Tuesday 14 December 2010


Neighbors are a funny thing – or a flat out maddening, want to clean one’s shotgun type of thing. Just kidding, I’m totally anti-gun and have never even held one before. Riflery at camp does not count. I’ve always likened neighbors to family only in the sense that you cannot choose them. They’re simply there in your building when you move in (if you live in a shared block of course; if you own a home, I'd call the police promptly!), like it or not. I suppose if you were really neurotic you could canvas the building before hand to see if you liked the people. And yes, I am that neurotic, or certainly will be in the future.

My building, whilst amazing in its location, has many factors that are slowly driving me insane.

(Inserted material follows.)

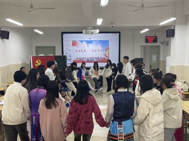 学生党员与少数民族学生共同表演了诗歌朗诵《红红的石榴籽》、歌伴舞《爱我中华》。伴随着《爱我中华》的歌声,师生一起手拉手围成圈跳起圆舞曲,全场弥漫着欢乐的笑声和浓厚的民族舞气息,将本次主题党日活动推向了高潮。

One being that the walls are paper-thin and I’m sandwiched between two of the most annoying sets of neighbors within greater London. The guy upstairs we call ‘dead body’ guy. In short, he drags heavy objects across the floor incessantly, followed by bangs and thuds, and other mysterious noises, to which my partner and I have decided can only be corpses that he hides within his lair.

I shall paint you a picture of his other sunny attributes. He never leaves the flat, he does not work as far as I can tell; he occasionally skulks out for food (the man does not walk. He definitely skulks), plays video games incessantly on top volume (which of course I can hear), sneezes with such ferocity that it causes me to jump every time he does so, and plays his music so loudly that my living room shakes. But it doesn’t stop there. He doesn’t just play his music. A few times a day he powers up his airplane engine that clearly operates his stereo, sets the bass on 1 zillion and then plays ten seconds of forty different songs all in a row. And of course these songs, to make my ears really want to recoil and crawl inside my brain, vary from NWA to Olivia Newton John. He even busted out Celine Dion the other day followed by Eminem. If he starts playing John Denver I’m calling the authorities.

Now for those of you thinking why have I not filed any complaints re. this freak show? Oh, I have. When I was pregnant, all hopped up on hormones, he and I got into it. Well, I used a broom handle and knocked on the ceiling to which he responded by cursing at me thru the floor and banging on my front door (I didn’t answer. I’m not a total idiot). The building’s response? He is an angel, a no fly zone, and we would never reprimand him cause everyone that works for the building loves him (or fears the hell out of him) and I am a crazy hormonal woman. Gee, thanks for that.

The neighbors downstairs are the drunkards. As we call them. We like nicknames. They love to party, come home at all hours blitzed out of their minds (and have been known to forget their keys and ring the entire building), fight like Richard Burton and Liz Taylor and are very fond of slamming doors. In the light of day, and in sobriety, she is quite nice. He, not so much. Yes, I can hear pretty much everything that goes on in this building.

So, I realized that instead of complaining about the noise, the second hand smoke that seeps up through the pipes (seriously), or the Celine Dion, I have the best revenge money can buy. THE KING. Since his arrival, I have sat back with a smile on my face and thought, so neighbors, what do you think of them screaming apples? And the best part is, no one can complain about a baby (except me of course). As far as I can tell he has no volume control or sense of propriety. If it’s 5:30 am on a Saturday morning and he feels like screaming his little head off, then that’s just what he’s going to do. In fact, if he wants to scream, talk, and coo for 10 hours straight, I’m thinking there is also not much I can do about it. Now if only I could get him to cry in the tune of My Heart Will Go On. We’ll have to work on that.